# Carpeting Plant that will grow in gravel?



## emmanueln (Oct 5, 2010)

dwarf sagiturus grass and also glosso to certain extent


----------



## BBradbury (Nov 8, 2010)

*Grass Carpet*

_Hello Vee. I have one for you that may do the trick. It's hardy, but you need strong lighting. It's called the New Zealand grassplant. You need quite a few plants to get a carpet started with it. At best, it's a medium grower, but planted about two inches apart in the front of the tank, it should work for you. _

_It's definitely not a plant that does well in lower light, I tried and even with good liquid ferts, it didn't do well. You'll need 3 to 5 watts per gallon on the lighting end. Not sure about dosing CO2, my tanks are low tech._

_Could be really nice._

_B_


----------



## VeeSe (Apr 16, 2011)

Thanks BBradbury. I don't think I can provide the light needed for that plant (believe you are talking about Lilaeopsis novae 'zealandia') without pressurized CO2 and heavy fert dosing, but it looks like a great suggestion. I'm actually trying a related plant, Lilaeopsis mauritiana, but no look so far after 1 and a half weeks (looks like it's stagnating and dying off).


----------



## Kitty_Kitsch (Apr 27, 2011)

I have dwarf sag grass and it's gotten rather tall, 6+ inches.


----------



## Jorge_Burrito (Nov 10, 2010)

Pigmy chain sword might work.


----------



## ktownhero (Mar 21, 2011)

Kitty_Kitsch said:


> I have dwarf sag grass and it's gotten rather tall, 6+ inches.

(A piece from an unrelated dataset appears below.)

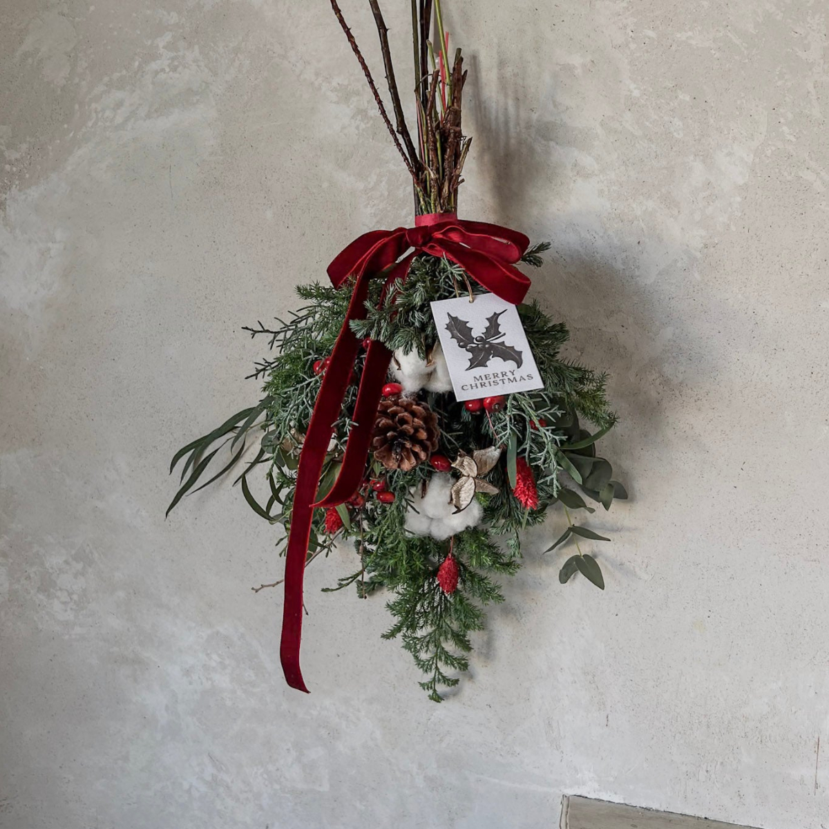 ドライになる針葉樹を使って、ドアや壁に掛けるスワッグです。

Yeah, I have dwarf sag too and I'm not sure why anybody calls it a "grass" plant. Maybe if you have some huge 200 gallon tank it could be used as a foreground, but in a small/midsized tank it's too big to really be "grassy". I have some in my 29 gallon and I'm very close to just ripping it all out.


----------



## shane3fan (Nov 2, 2009)

ktownhero said:


> Yeah, I have dwarf sag too and I'm not sure why anybody calls it a "grass" plant. Maybe if you have some huge 200 gallon tank it could be used as a foreground, but in a small/midsized tank it's too big to really be "grassy". I have some in my 29 gallon and I'm very close to just ripping it all out.


 

Im not sure why it grows so differently in different tanks. I bought some at a LFS and it was at least 12" tall ( touched the surface in my 10 gallon when I planted it--and it was perfectly straight ) I put it in my tank at home and it all died off--grew back as a ground hugger carpet about an inch or so high with leaves that curve back over to the substrate. 

My tank is a 10 gallon with 2x 13W spiral flour bulbs in a hood. I have used CO2 in the past, but not for 9 months or so and the growth hasnt changed ( it slowed, but grows the same )

I actually wanted the tall straight plant that I originally purchased, but the shorter one is OK I suppose.


----------



## Kitty_Kitsch (Apr 27, 2011)

ktownhero said:


> I have some in my 29 gallon and I'm very close to just ripping it all out.


You decide to do that let me know, I like it  I'm still deciding what to do with mine too... I have rotala and crypts in there so it looks out of place.


----------